Allen makes a few rather inflammatory remarks in his article but the gist is that we need to rethink how the education of software developers happens. With that point, I completely concur. Historically, software has been under a number of different departments but primarily engineering and/or math. For example, at UC Berkeley, there is "computer science" under the College of Letters and Science (for a Bachelor of Arts degree) as well as Electrical and Computer Engineering under the College of Engineering (for a Bachelor of Science degree). The core software curriculum is shared between the two colleges with the non-core focusing on e.g., humanities or electrical engineering, respectively.

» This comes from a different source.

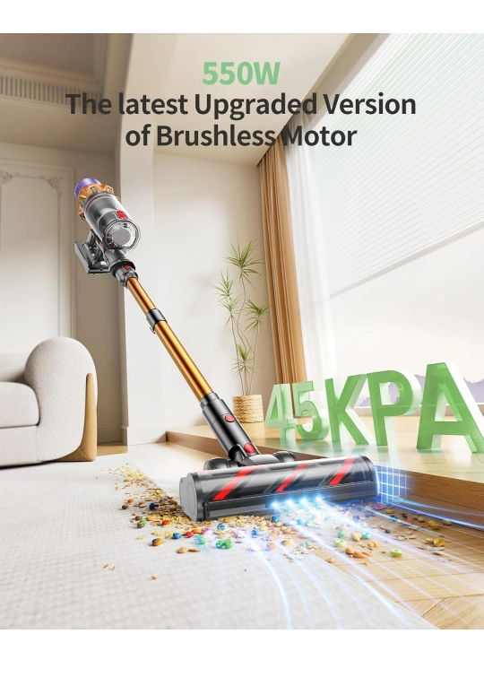 Powerful 550W brushless motor. Up to 60 minutes runtime. Multiple attachments included. Lightweight and easy to use. Brand new in box.
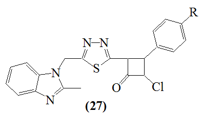 1,3,4-Thiadiazole and 2-azetidinones derivatives of 2-methyl-1H-benzimidazoles were tested for antibacterial, antifungal activity and some of the tested compounds had comparable activity against B. subtilis and E. coli with reference to ampicillin (25 μg/ml). Compounds (27) having o-chloro, o-methyl, p-methoxy, o-hydroxy, and p-amino group in phenyl ring showed good antibacterial activity. Antifungal activity data indicated that some of the derivatives revealed a broad spectrum of activity against tested fungi; however, none of the derivatives showed a better spectrum of activity when compared to the reference drug[22].

Allen, Peter Siebel [who's publishing a book as we speak called Practical Common Lisp], and I were talking about this whole software education problem at last week's excuse for free food (ahem, I mean the meet and greet that Apress threw for Joel [I swear that I had nothing to do with the fire alarms triggering the flooding of the building where it was supposed to be held] :-). The point of the discussion was not that software is or isn't "science", "engineering", "math", etc. but rather that current software education isn't focused enough on software as a discipline of writing (and reading). That is, we need more thought, education, and practice at making software a useful form of truly literate literature.

People have been trying out various alternatives for awhile. As you've probably seen on TV, there's a lot of education programs geared towards software from a vocational, trade school approach. This spans an interesting range from the bazillions of certification cram courses, and learn XYZ in 37 minutes how-to classes, through various accredited (and not :-) degree programs, and up to things like MIS degrees from accredited schools of management. More recently, Richard Gabriel has been working on the notion of a Master of Fine Arts in Software (or "Master of Software Arts"). Heck, even the venerable Knuth has waxed rhetoric on his notion of Literate Programming (more info available here and here).

Now, back to the question that started all of this discussion. Software is something wondrous. It is not merely engineering, math, science, or even art. Software is all of the above and more. People struggle and create so much suffering because they keep trying to force it into their familiar pigeonholes. Luckily, the solution is really simple... Software is a functional bridge between the abstract and reality.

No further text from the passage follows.